Click to view original text
Hadoop offers several ways to debug hadoopstreaming that you use to quickly locate problems. Let the Hadoopstreaming program run on the development machine. (Recommended for use at development time)
Add mapred.job.tracker=local to the jobconf. The inputs and outputs of the data are from HDFs
At this point, Hadoopstreaming will run the program locally to keep the error on the spot (recommended when running large amounts of data)
By setting the jobconf parameter Keep.failed.task.files=true, when a program error occurs, you can leave the current
Debug. The GUI can be traced to the specific node in which the failure was run, and then logged into the node <local>/tasktracker/<taskid>/work/to view the core file. To debug a program by collecting information from a script program (recommended for development use)

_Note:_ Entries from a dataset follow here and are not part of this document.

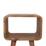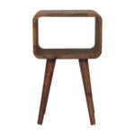 This mini bedside table features a very simplistic and clean design. It has 4 tapered legs, and an oak-ish body constructed from 100% solid mango wood. Being a simple piece it features one open compartment for placing any bits and pieces before bed and ample space on top for a lamp, photo frames, or ornaments. Its plain design means it can be matched perfectly with any style of furniture or interior. This petite product is part of Recession Collection.
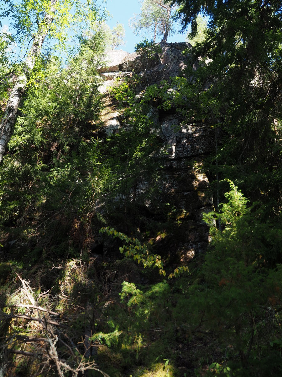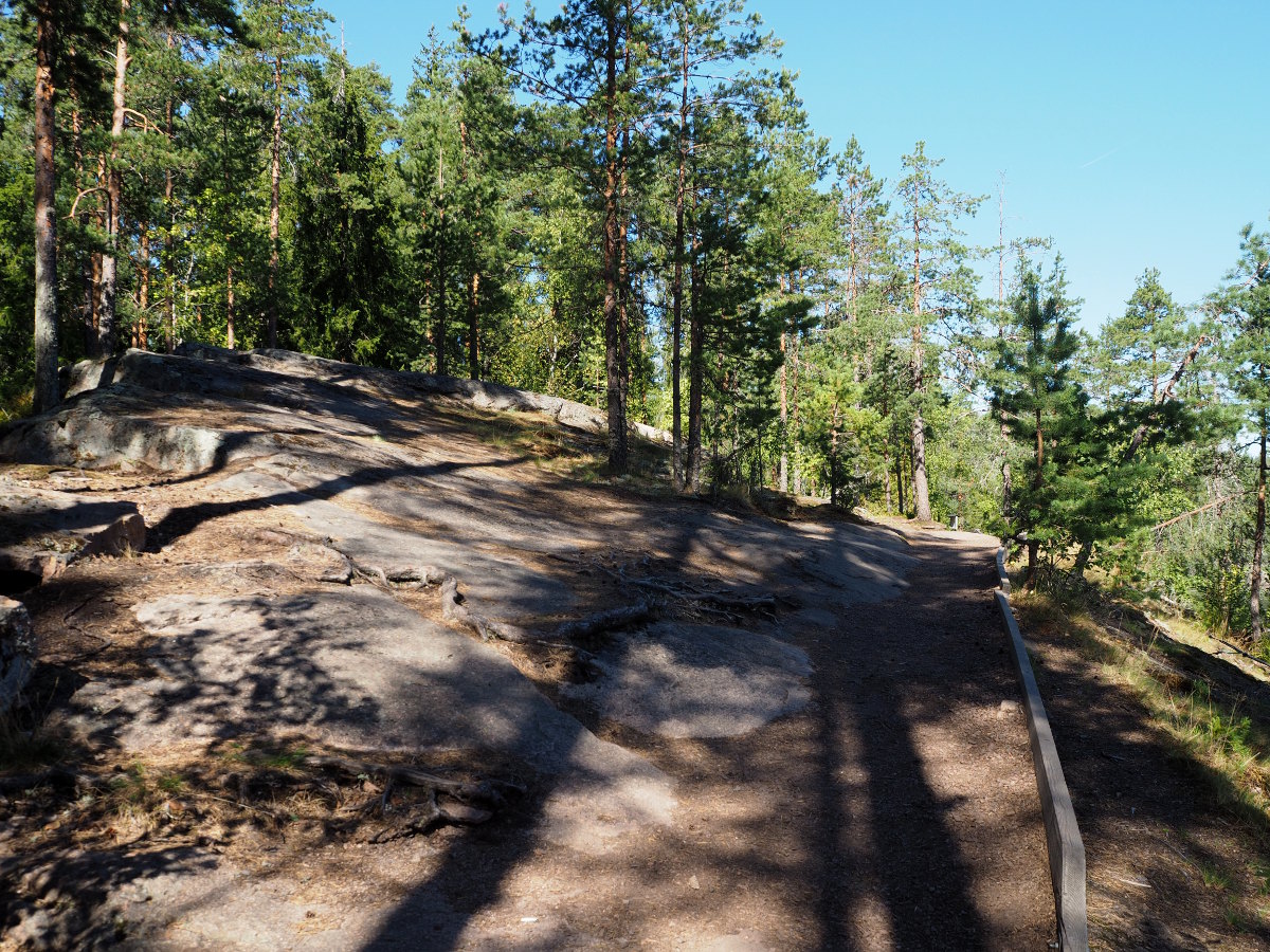 Очередная скала возле тропы. Рядом очередная табличка, повествующая о животных и деревьях края. Информация на финском, английском и русском, всё как на первой табличке.
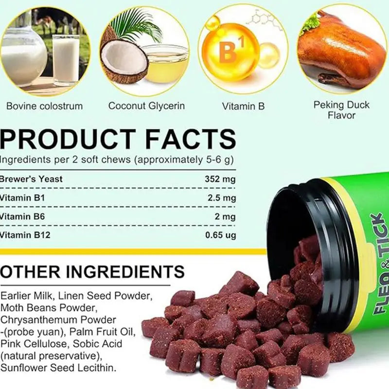 Protect your dog from fleas and ticks with this effective and natural Flea and Tick Prevention supplement. Each pack contains 60 chewables, formulated with safe, all-natural ingredients to help prevent flea and tick infestations. These fast-acting chewables provide long-lasting protection for dogs of all breeds and ages, ensuring your pet stays comfortable and pest-free.

Write the debug script, through the script, you can put the program execution of any site in the process of preservation, such as
The stack information for the core file so that you can determine where the program is going wrong.
The script is called in the following way:
$script $stdout $stderr $syslog $jobconf program name
(Note: In the official documentation
The program name in the Http://wiki.apache.org/hadoop/HowToDebugMapReducePrograms description is returned by the 5th parameter, but in the test environment of Hadoop 0.19, I get this parameter is empty. )
Script Example:
Core= ' Find. -name ' core* ';
CP $core/home/admin/
gdb-quiet./a.out-c $core-X./pipes-default-gdb-commands.txt
Pipes-default-gdb-commands.txt marked the execution of the GDB command
Info Threads
BackTrace
quit
(Note: If you want to execute the above script correctly, you must allow the program to output the core file, you can add the following code snippet in the program)
struct Rlimit limit;
Limit.rlim_cur = 65535;
Limit.rlim_max = 65535;
if (Setrlimit (Rlimit_core, &limit)! = 0) {
printf ("Setrlimit () failed with errno=%s\n", Strerror (errno));
Exit (1);
}
Then, in jobconf, assign the script to execute to the variable "mapred.map.task.debug.script" or "Mapred.reduce.task.debug.script". This way, when the hadoopstreaming execution process occurs core dump, you can see GDB's information through the Jobtracker GUI interface.